The Goodling Memoranda suggests there was overwhelming evidence that the White House engaged in illegal activity, warrants impeachment, but the House Judiciary Chairman has been reckless in not keeping impeachment on the table.

The way forward is to end the investigations, and bring charges against the Speaker and the House Judiciary Chairman for their alleged refusal to enforce the laws of war with impeachment; and to point to the Goodling Memo as evidence of the larger abuses which this House Judiciary Chairman refuses to vote to support an investigation.

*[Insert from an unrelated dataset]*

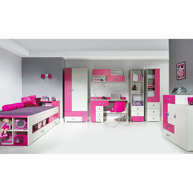 Dětský pokoj Komi vyniká především svou variabilitou. Tento sektorový nábytek je vhodný nejen do dětských pokojíčků, ale je velice vhodný i do studentských pokojů. V nabídce tedy naleznete všechny díly nábytku, které jsou třeba pro správně vybavený pokoj. Další předností dětského pokoje Komi je jeho velice atraktivní barevnost. Základ tvoří lamino v barevném odstínu jasan komi, které je v kombinaci buďto s odstínem růžové, nebo modré. Hrany nábytku jsou opatřeny ABS hranou. Zboží je dodáváno v demontu.

These are issues of international war crimes. If the US government refuses to enforce the laws of war, then foreign fighters -- under the principle of reciprocity -- may lawfully engage in like retaliation against the Speaker, House Judiciary Chairman for any and all abuses they have refused to enforce, which they know this President is doing: Using illegally captured information to implement war crimes: Prisoner abuse, summary execution, and trial without access to evidence.

It is reckless for this House Judiciary Chairman, given his legal background, to ignore the Nuremburg Precedents, and remove impeachment as an option to enforce the laws of war.

Goodling's memo is evidence that the DOJ Staff and White House knew the requires for information was not appropriate. Rather than change their policy, they attempted to go behind the back of the US Attorney, create a sham story, and intimidate them to accept a false reality.

The problem is not with the US Attorney, but the reckless leadership in the White House that engages in illegal warfare; and the complicit Congress which refuses to use impeachment and investigations into impeachment charges as a means to enforce the laws of war.

The error is to enable a war criminal. The second crime is for legal authority to refuse to enforce the laws of war. We don’t need new investigations. We need a new system of governance which compels the lazy buffoons in the GOP and DNC to enforce the law, not make excuses to “wait until the next election” until they think the weather is favorable.

This excuse for inaction is the same non-sense the British Parliament pretended was tolerable. This is absurd and not governance but recklessness disguised as something else.